It was chilly around a recent campfire, but the conversation heated up rather quickly as folks shared their thoughts about propane safety.

Propane transport

Chet began. “I just got a dressing down,” he said. “I took my 30 lb. propane tank to fill it up and was told I needed to transport my filled tank upright. That’s impossible in my small vehicle. I put it in the backseat and as you can see—I survived.”

Rob smiled, “As long as you kept your car window open, you won’t asphyxiate yourself.”

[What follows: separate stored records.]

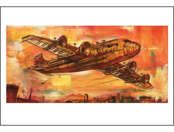 A recent winner of the Art Pop Street Gallery billboard contest. Now you have the opportunity to own this piece. It's the perfect balance between aviation engineering and musical instruments. The print is 19" x 13"
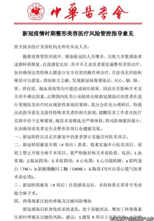 附近:《新冠疫情時期整形美容醫(yī)療風險管控指導(dǎo)意見》
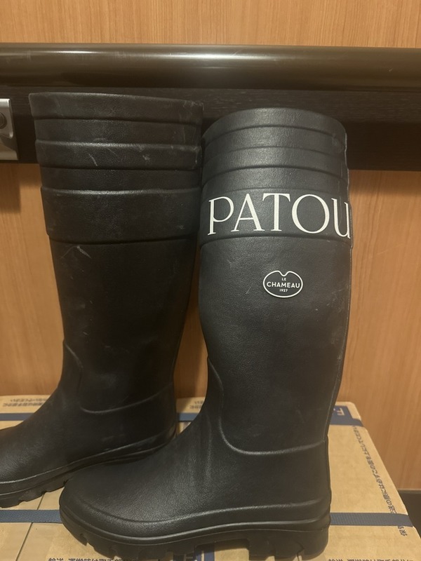 トレンド感全開にするなら、「PATOU(パトゥ)」のレインシューズがおすすめ!シンプルなデザインにあしらわれたブランドロゴが、足元からパリジェンヌ風の気品を漂わせます。

“You should always keep your full propane tank upright!” Rick admonished. “You want to keep the relief valve above the liquid propane. The valve is on the top of the tank to vent gaseous propane. If laid on its side, the valve may vent liquid propane—a potentially explosive situation. Not to mention the possibility of damaging the relief valve.”

Joan added, “I’ve always used a milk crate and some bungee cords to safely transport our propane tank in our pickup truck. You can purchase tank stabilizers or holders, too.”

Other propane safety tips

Here are some propane tips and tricks other RVers shared:

  • Tip to find a gas leak. Use dish soap and water to help locate a gas leak. Pour the mixture into a spray bottle or use a rag to apply the mixture to joints, connectors, or pipes. Bubbles will appear where you have a leak.
  • Blue is the best color. Propane burners typically produce a blue-colored flame. If you notice a yellow or orange flame, you may have a carbon monoxide or other problem. Ask a qualified technician to come for an inspection.
  • Bitter temperatures. It doesn’t take long to run low on propane when temps drop and stay low. Supplement your RV’s propane furnace with space heaters and the RV fireplace (if present). Also, consider insulating windows with foam board and put sofa pillows or RV vent covers over ceiling vents to hold heat inside your rig.
  • Don’t run out of propane. Check your propane gauge regularly, especially during heavy usage. If your tank runs dry your pilot light will go out. Also, a propane tank that remains connected to an open gas line can allow moisture or air to seep inside. This may corrode the tank and form rust, which can eventually cause tank leaks. Even if no rust forms, the corrosion can reduce the propane odor (rotten eggs or skunk spray smell).
  • Match usage to tank size. If you plan to RV in colder weather, consider purchasing a larger capacity tank for winter months. Many RVers upgrade the propane tank that came with their rig to a larger size. Just measure your RV’s propane storage area carefully to make sure a larger tank will fit.

Know what to do

When used properly, propane is one of the safest fuels available. Still, things can happen. Here’s what you can do to protect yourself and those who RV with you:

The smell test. If you detect a rotten egg smell or the smell resembling a skunk’s spray, you may have a propane leak.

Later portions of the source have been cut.